Workplace Norms for Men Help Keep Fertility Low in Japan

I have often mentioned the various elements of Japanese (and other East Asian, as well as Southern and Eastern European) cultures that help to keep fertility below replacement level. One of the key ingredients is gender inequality and a paper just out in Demographic Research highlights one aspect of this in Japan. Nobuko Nagase and Mary C. Brinton about "The gender division of labor and second births: Labor market institutions and fertility in Japan." The main point is that when both husband and wife work and have one child already, the likelihood of having a second child is lower if the husband/father is working long hours and cannot contribute to housework and child-care. Two children are a lot more work than just one, and if the wife is going to have to shoulder the entire burden, she is less likely to want to go for number two.

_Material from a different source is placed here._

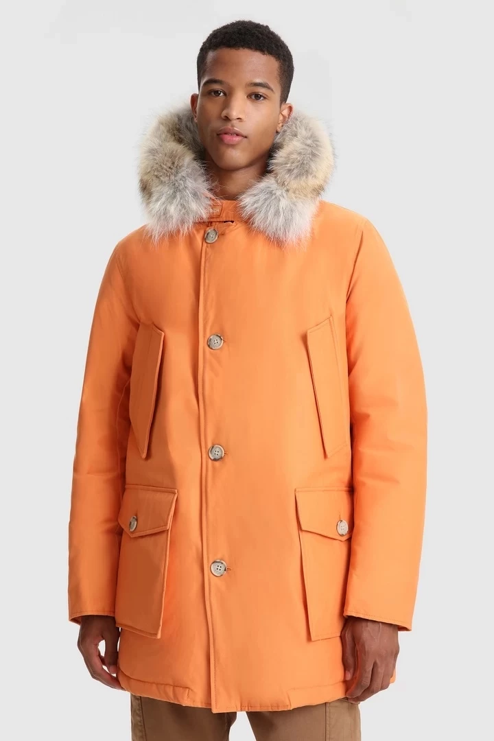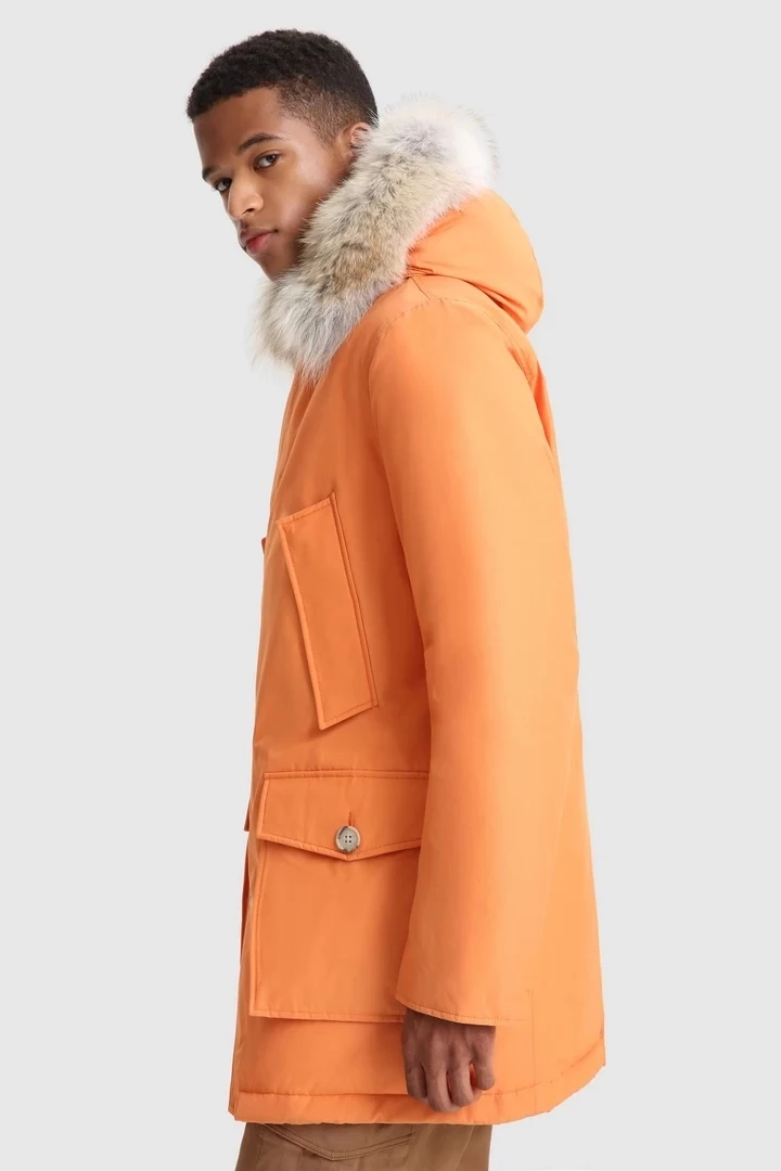 La primera parka Arctic de Woolrich se presentó en 1972 con el objetivo de proteger a los trabajadores del oleoducto de Alaska en los duros climas árticos. Siguiendo los pasos del rico legado de la marca, esta parka Arctic DF de hombre está confeccionada en nuestro tejido ramar y reforzada con una capa de teflón resistente al viento y al agua. Cuenta además con un relleno de plumón de pato con aislamiento natural que garantiza una gran calidez. Está coronada con una amplia capucha a la que no le falta un borde de piel extraíble que se puede ajustar según el tiempo. Diseño proveniente directamente de los archivos. Confeccionado en tejido ramar obtenido de una mezcla de algodón orgánico y nylon reciclado. Revestimiento de teflón resistente al viento y al agua. Aislamiento grueso con plumón de pato 80/20 y capacidad de relleno 700. Totalmente forrada para una mayor comodidad. Capucha de protección con borde extraíble de piel de coyote. Cierre con cremallera y botones. Bolsillos calientamanos. Amplios bolsillos de parche con solapa. Etiqueta con el logo Buffalo Check. Temperatura: -10 C°/ -20 C°.

Numerous studies have documented the extremely low amount of time that Japanese men devote to housework and childcare (Feyrer, Sacerdote, and Stern 2008; Tsuya, Bumpass, and Choe 2000; Tsuya et al. 2013). According to the Japanese Cabinet Office’s 2014 White Paper on Children, Japanese fathers of preschool children spent an average of 1.07 hours per week on housework and childcare, compared to over two hours for fathers in France and the United Kingdom and over three hours in the United States, Germany, Sweden, and Norway.
To be sure, men are likely to work more hours than women in most societies, but in Japan this is reified in a way unlike in other countries:
This paper has focused on the Japanese employment system, a system of labor practices and work norms that continues to apply especially to male university graduates working in large firms. The system is based on an implicit contract between employer and employee in which the employer promises job security and future wage increases in exchange for employees’ high work commitment and willingness to work overtime and relocate when ordered to by the company. This package of employment practices is supported by Japanese Supreme Court rulings. The speed of promotion and the amount of future wage increases depend on the evaluations of managers, beginning in the early years of a man’s career and extending throughout his working life. A highly gendered division of labor at home is a rational response to this system, as it facilitates men’s ability to fully engage in the intra-company competition for promotion that characterizes the early career stage.
This is fine if women are stay-at-home moms, but many are not, and therein lies the clash between a society wanting men to work all the time and a society that would prefer women to transition to a second birth.